Social Spiders Fight Invaders, Tend Offspring Based on Personality

Jun 17, 2014 04:36 PM EDT | Jordan Ecarma

Social spiders that group together into colonies tend to divide the labor by personality, researchers said in a new study.

Looking at females of the Anelosimus studiosus species, scientists observed two distinct personality types among the spiders, watching how 141 aggressive and 148 docile female spiders worked at different tasks, Live Science reported.

Comb spiders, which live throughout the Americas, seem to divvy up jobs such as hunting prey and caring for young spiders based on whether a female spider is aggressive or docile. The males of the species don't do much other than mate with the females.

"[Male spiders] do not display the same personality differences as do females, and they do not perform essential colony functions--such as web repair, colony defense, prey capture or brood care--like females do," said lead study author Colin Wright, as quoted by Live Science. "That is why this study, and just about every study with this species, focuses on the females."

Besides analyzing the individual spiders, researchers created 60 laboratory colonies, each of which included two aggressive and two docile female spiders. The team found that individual aggressive spiders were twice as effective at catching prey compared with the docile spiders, while aggressive females in colonies were three times more likely to mend webs, go after prey and defend the colony against invader spiders.

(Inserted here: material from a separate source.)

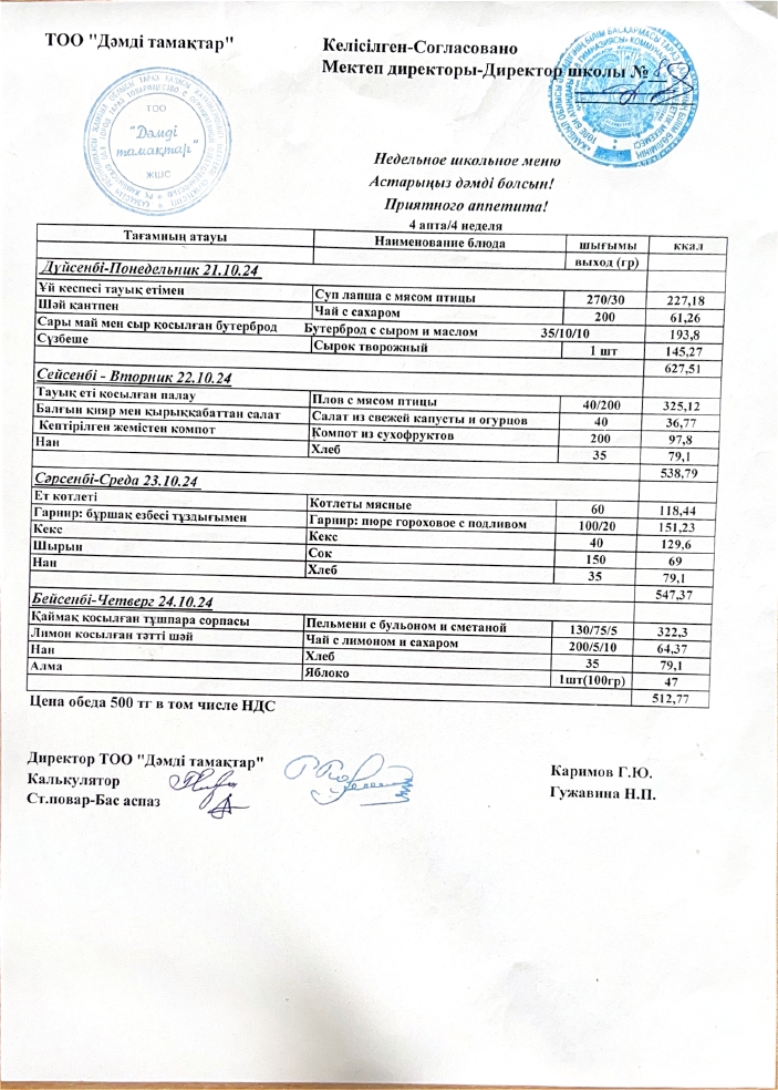 Ас мәзірі. 2024 жыл, қазан. 4-ші апта. » Төле би атындағы №8 гимназия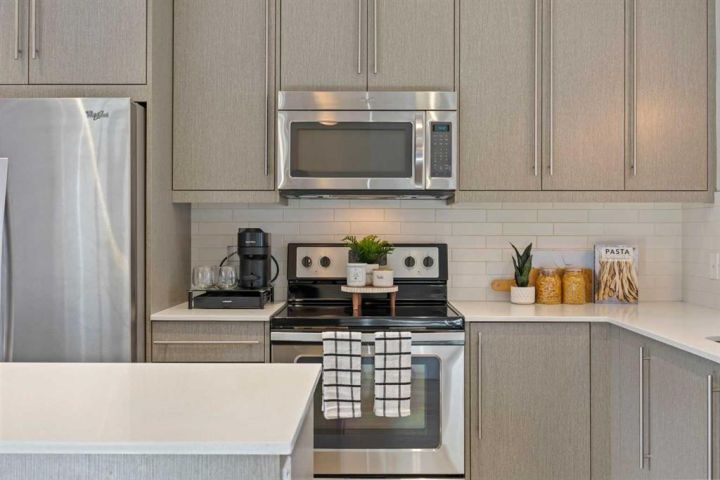 Dishwasher, Dryer, Electric Stove, Microwave, Refrigerator, Washer, Window Coverings

On the other hand, individual docile spiders were better at caring for offspring, which were twice as likely to survive if raised by docile females compared with aggressive females. Egg sacs have to be guarded and young spiderlings have to be fed regurgitated food from mature spiders.

"We were surprised at how good of parents docile spiders turned out to be," Wright said. "They're much better parents than aggressive spiders."